═════ RECORDS FOR THIS TASK ═════

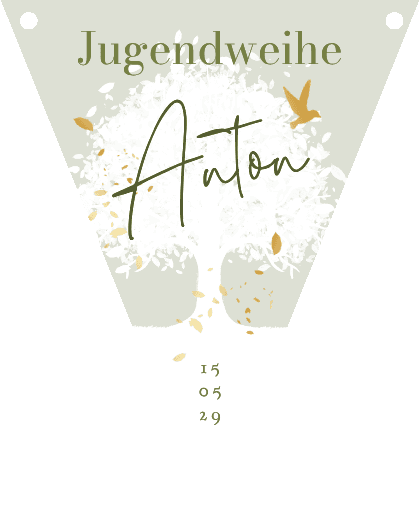 Wimpelkette zur Jugendweihe mit Baum & Vogel. Nur eigene Fotos und Texte einfügen!
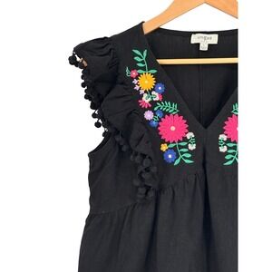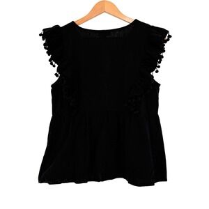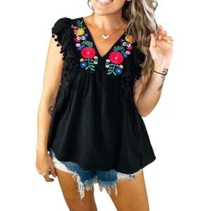 Umgee Boho Embroidered V-Neck Top Pom Pom Trim Ruffle Babydoll Black Size Large
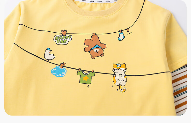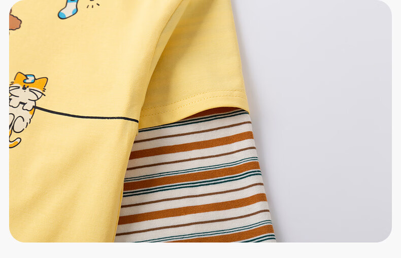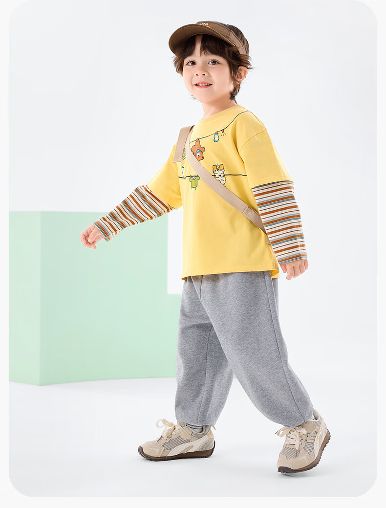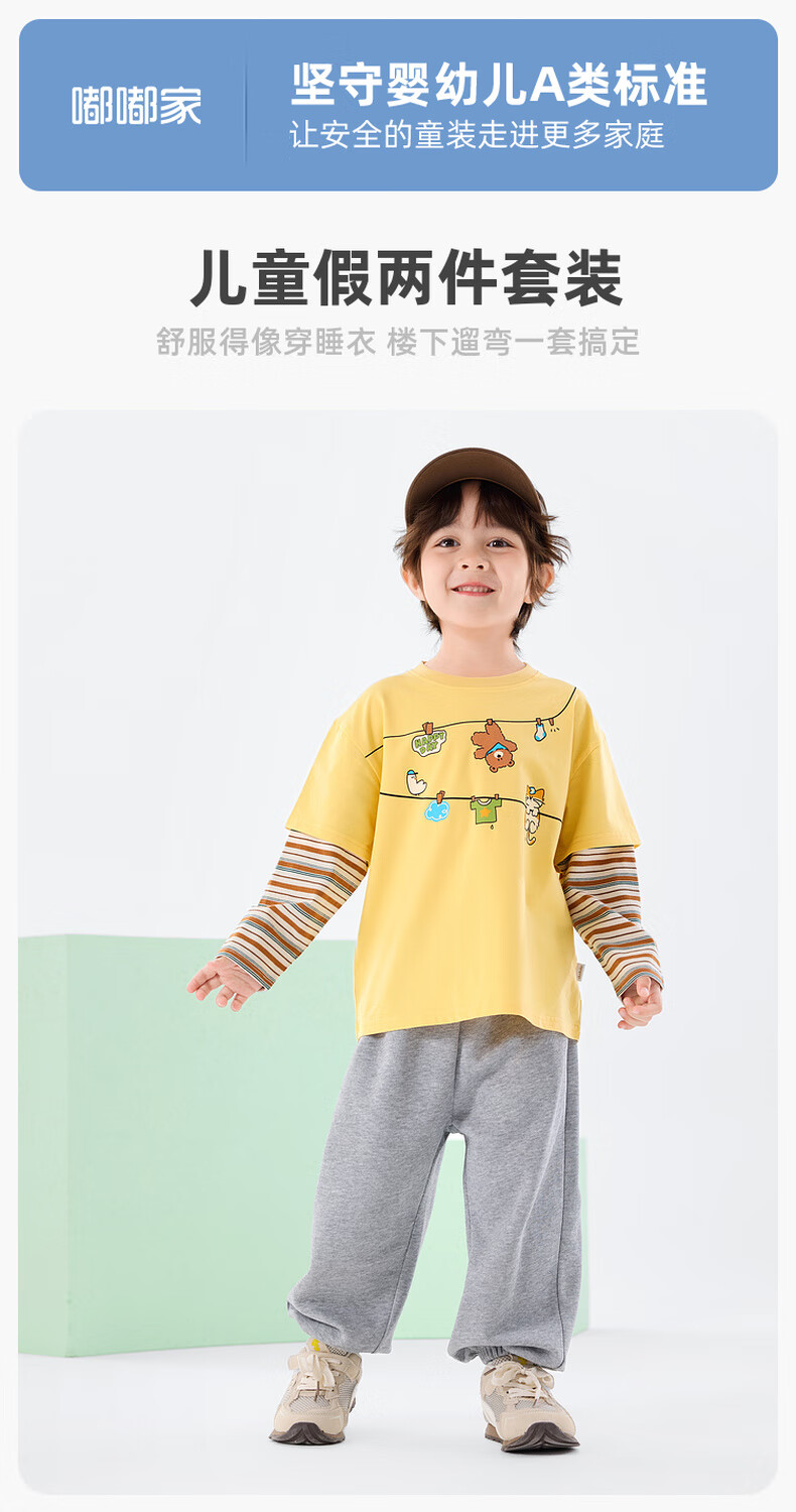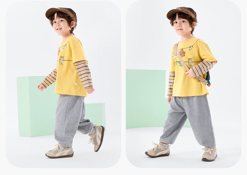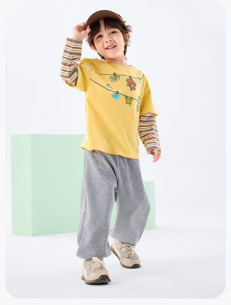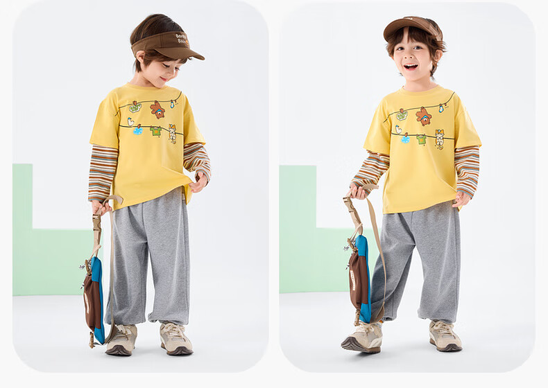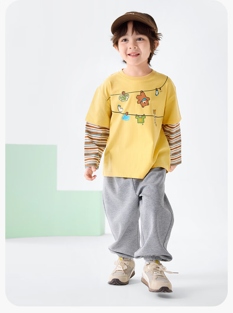 Dudujia Boys Spring Casual Suit Children's Fake Two-piece Long-sleeved Spring Clothes Girls Loose Outdoor Pants Children's Clothing Two-piece Set Creamy Yellow 80
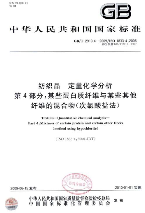 GB/T2910的本部分規(guī)定了采用次氯酸鹽法測定去除非纖維物質(zhì)后由以下纖維組成的某些蛋白質(zhì)纖維和某些非蛋白質(zhì)纖維二組分混合物中蛋白質(zhì)纖維含量的方法:
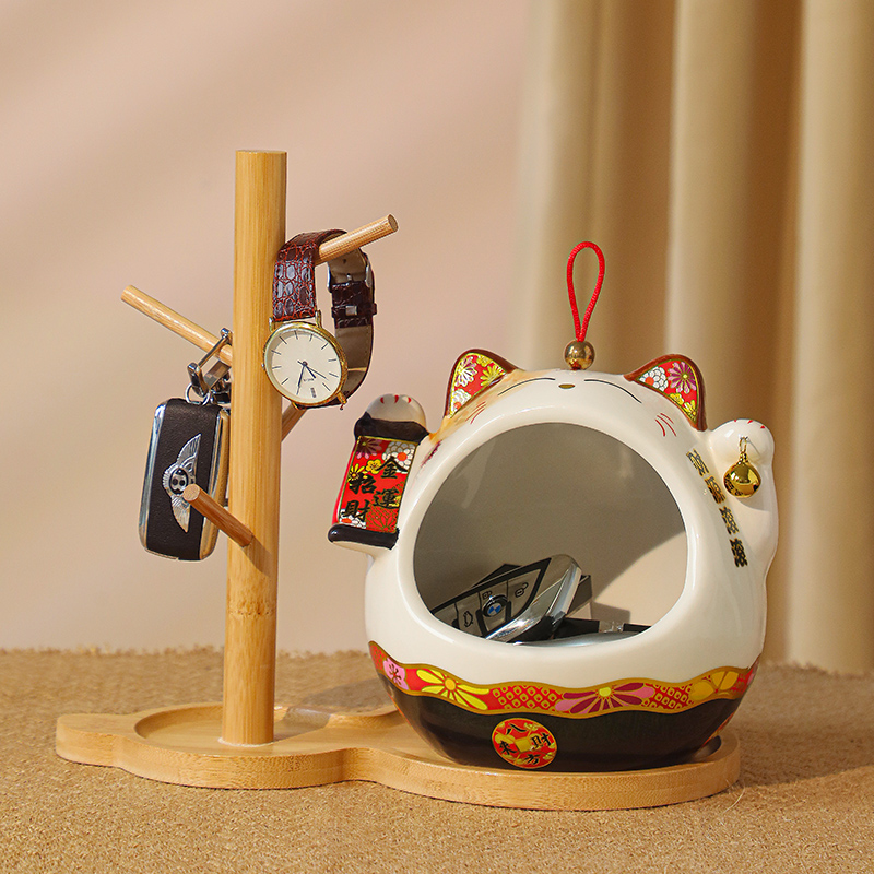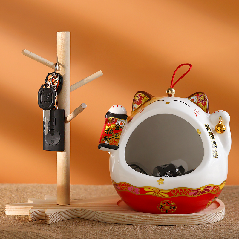 招财猫钥匙收纳摆件入户玄关进门鞋柜前台家居装饰品生日乔迁礼物

═════

* HOW TO COMPLETE THIS TASK:
Where an entry contains an image, skip the image and write out the rest exactly.

* RESULT:
 Wimpelkette zur Jugendweihe mit Baum & Vogel. Nur eigene Fotos und Texte einfügen!
 Umgee Boho Embroidered V-Neck Top Pom Pom Trim Ruffle Babydoll Black Size Large
 Dudujia Boys Spring Casual Suit Children's Fake Two-piece Long-sleeved Spring Clothes Girls Loose Outdoor Pants Children's Clothing Two-piece Set Creamy Yellow 80
 GB/T2910的本部分規(guī)定了采用次氯酸鹽法測定去除非纖維物質(zhì)后由以下纖維組成的某些蛋白質(zhì)纖維和某些非蛋白質(zhì)纖維二組分混合物中蛋白質(zhì)纖維含量的方法:
 招财猫钥匙收纳摆件入户玄关进门鞋柜前台家居装饰品生日乔迁礼物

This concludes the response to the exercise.